Now that the question has been answered…
One famous incident of this type was when one of the passengers booked on one of the Tenerife planes actually wanted to go to Tenerife (not Las Palmas, the original destination), so she simply didn’t get back on the plane when it was ready for the short hop to Las Palmas. Ended up saving her life (she would have been on the 747 where everyone died, not the other 747, where most died).
FWIW I was once flying home to Boston, when the plane had to divert to Providence due to icy runways in Boston. We did deplane, since they weren’t sure how they were going to get us to Boston anyway - the word “buses” was being thrown about. Since I didn’t have luggage, and my wife was going to pick me up anyway, I just called her and asked her to get me from the Providence airport, told the agent I wouldn’t need a new flight, and walked out. No issues, but it was my last flight of the trip so there was nothing left on the itinerary to cancel anyway. I’d assume I wasn’t the only person who made the same decision.
I was going to ask, what about clearing immigration. But on watching the video it seems he stayed in the airside part of the terminal because he was flying out of Joburg on another international flight the same day.

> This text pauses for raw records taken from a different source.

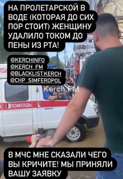 В Керчи 19 июня на улице Пролетарской женщину ударило током. В данном месте еще не ушла вода. Как Керчь.ФМ сообщили очевидцы, когда женщина шла по поддонам ее затрясло.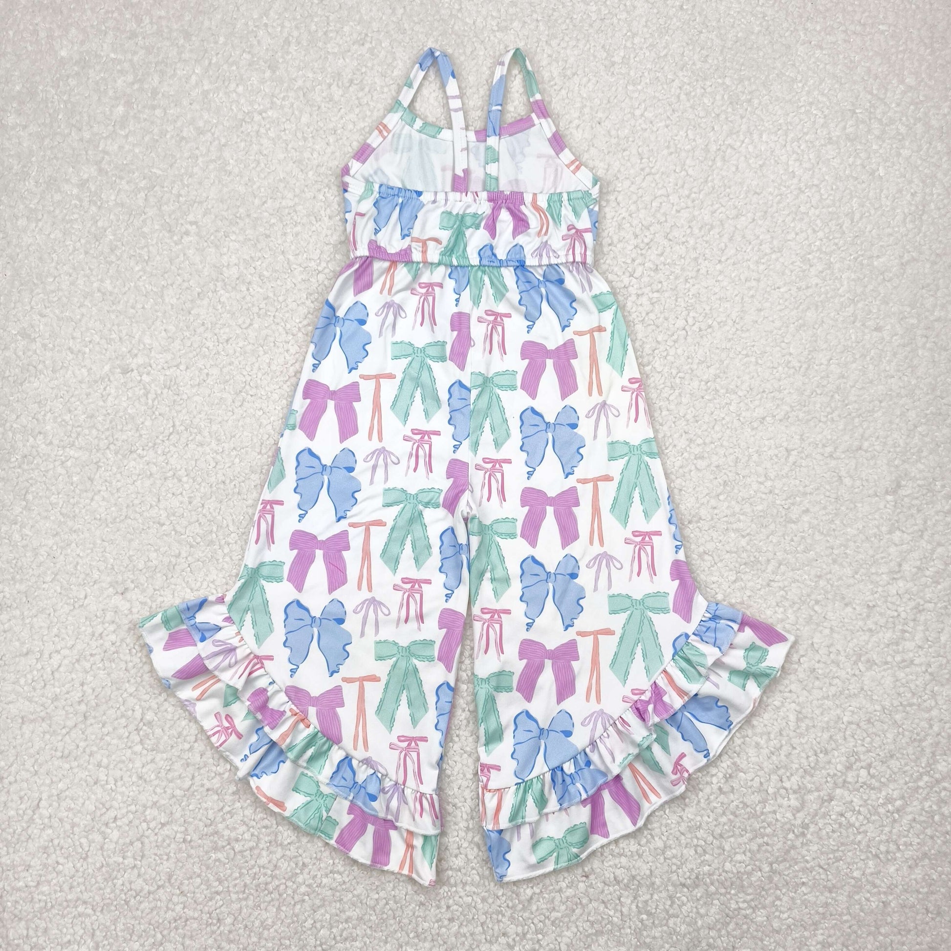 4.24 SR2847 White suspender jumpsuit with colorful bow pattern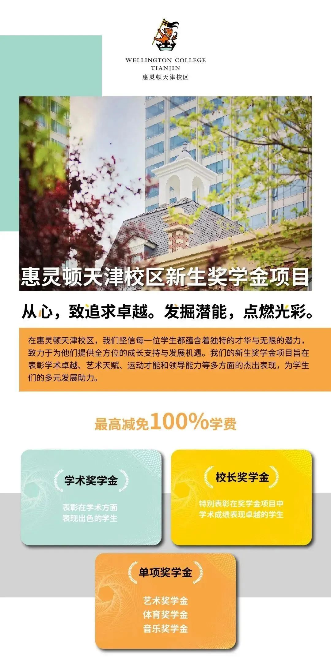 教育是成功的基石,它开启了通往充满无限机遇与可能性的世界之门。惠灵顿天津校区的新生奖学金项目专注于培育最杰出的学子,助力他们探知并释放潜力。我们坚信,每位学生都拥有待发掘的独特才能。我们的奖学金项目不仅提供经济支持,更是一条通往学术成就、个人发展和未来辉煌的精彩之路,让我们携手培育惠灵顿学子们成长为“笃学、互通、善新”的人才。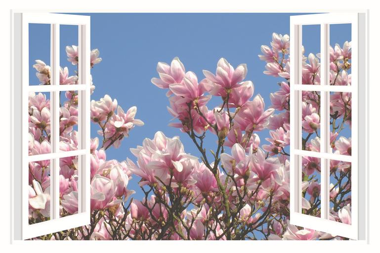 Keywords: a beautiful day good mood joy magnolia tree flowers window spring colorful flowers pink a beautiful morning garden white magnolia outlook window frames open colorful farbenpracht horticulture benefit from photo montage

I dare say he would have had issues if he tried to go through immigration since he wouldn’t have been on the passenger manifest for any expected flight.

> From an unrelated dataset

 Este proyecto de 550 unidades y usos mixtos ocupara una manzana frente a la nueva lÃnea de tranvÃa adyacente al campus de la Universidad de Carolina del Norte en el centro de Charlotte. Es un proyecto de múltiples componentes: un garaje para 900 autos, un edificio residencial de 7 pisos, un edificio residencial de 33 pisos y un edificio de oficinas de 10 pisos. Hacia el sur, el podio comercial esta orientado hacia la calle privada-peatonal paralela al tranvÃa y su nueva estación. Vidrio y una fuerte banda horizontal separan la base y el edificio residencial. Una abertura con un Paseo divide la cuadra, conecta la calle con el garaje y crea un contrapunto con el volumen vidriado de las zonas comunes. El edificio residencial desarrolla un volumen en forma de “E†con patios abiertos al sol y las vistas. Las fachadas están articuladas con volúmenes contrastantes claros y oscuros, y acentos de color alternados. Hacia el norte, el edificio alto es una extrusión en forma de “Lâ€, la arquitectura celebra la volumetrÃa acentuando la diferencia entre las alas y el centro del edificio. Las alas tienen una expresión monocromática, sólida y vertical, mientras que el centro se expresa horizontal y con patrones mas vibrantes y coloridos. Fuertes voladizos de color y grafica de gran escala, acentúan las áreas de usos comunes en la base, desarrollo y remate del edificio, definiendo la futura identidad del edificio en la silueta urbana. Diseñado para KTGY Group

I had the opposite experience, in a way. I live in Boston and had to fly to California on short notice. I got a lower fare by booking a trip out of Providence. I boarded the flight, but after takeoff the flaps wouldn’t retract. You can’t make that flight with the flaps extended, so we diverted. To Boston.

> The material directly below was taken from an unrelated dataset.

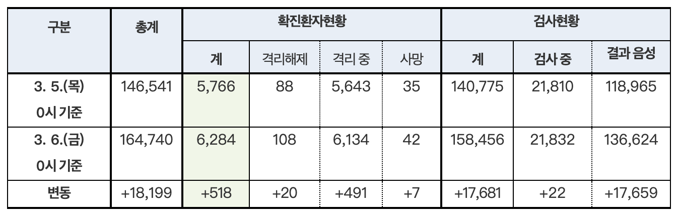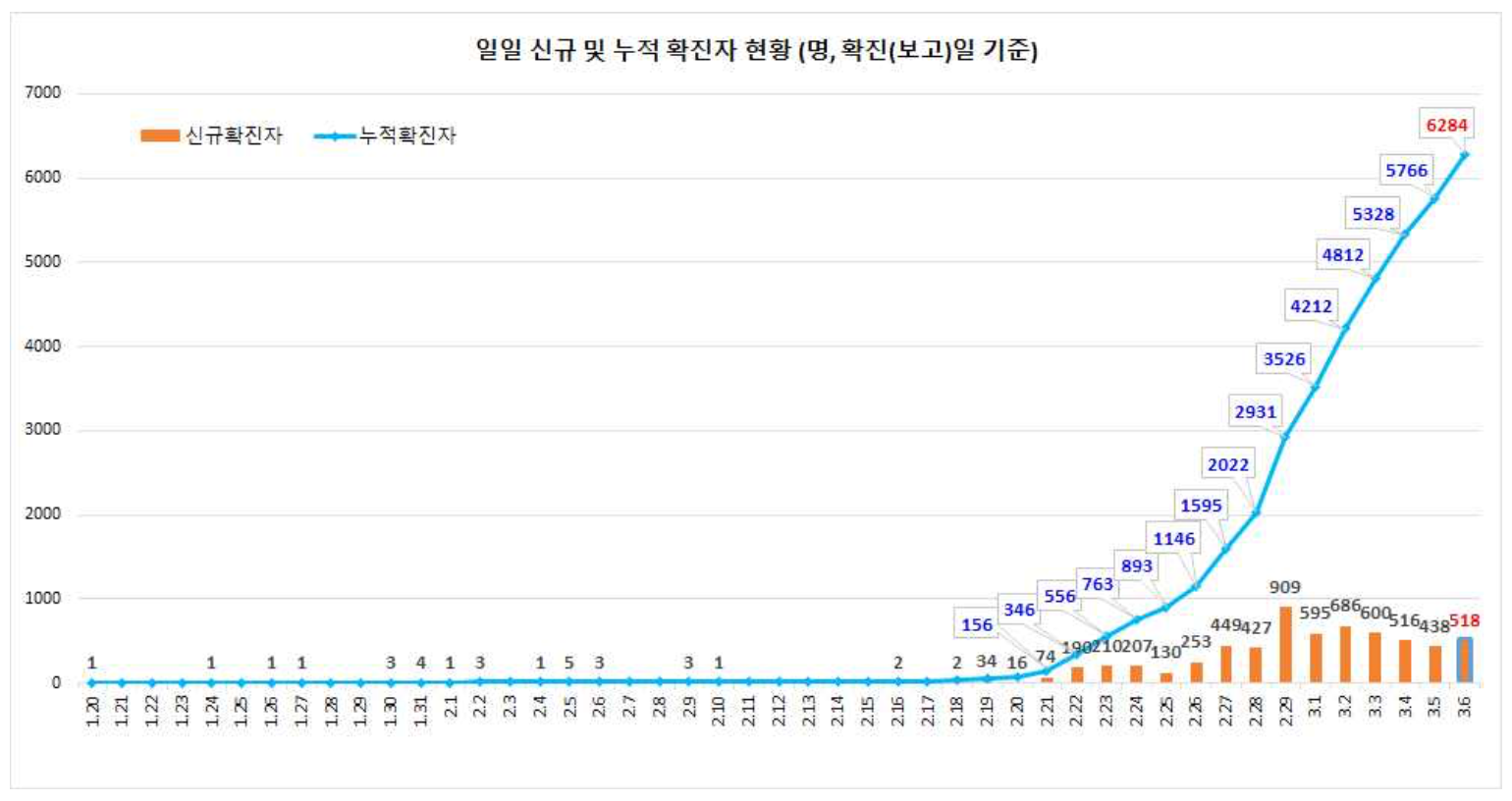 韩国中央防疫对策本部3月6日通报,截至当天零时,韩国较昨日零时新增518例新冠病毒感染病例,较昨日下午4时新增196例,累计确诊6284例,死亡增至42例,治愈增至108例。

As it turned out, the airline had another plane of the same model available in Boston. We parked at one gate, then the passengers walked off one plane, went a few gates down the terminal, and right onto another one. I got to California in time for the event I was attending.
I vaguely remember that that was my last trip on a 727. It was on United, and their entertainment system at the time had a channel to listen to the cockpit radio frequency. I was listening to that so I knew we were diverting about a minute before it was announced to the rest of the passengers.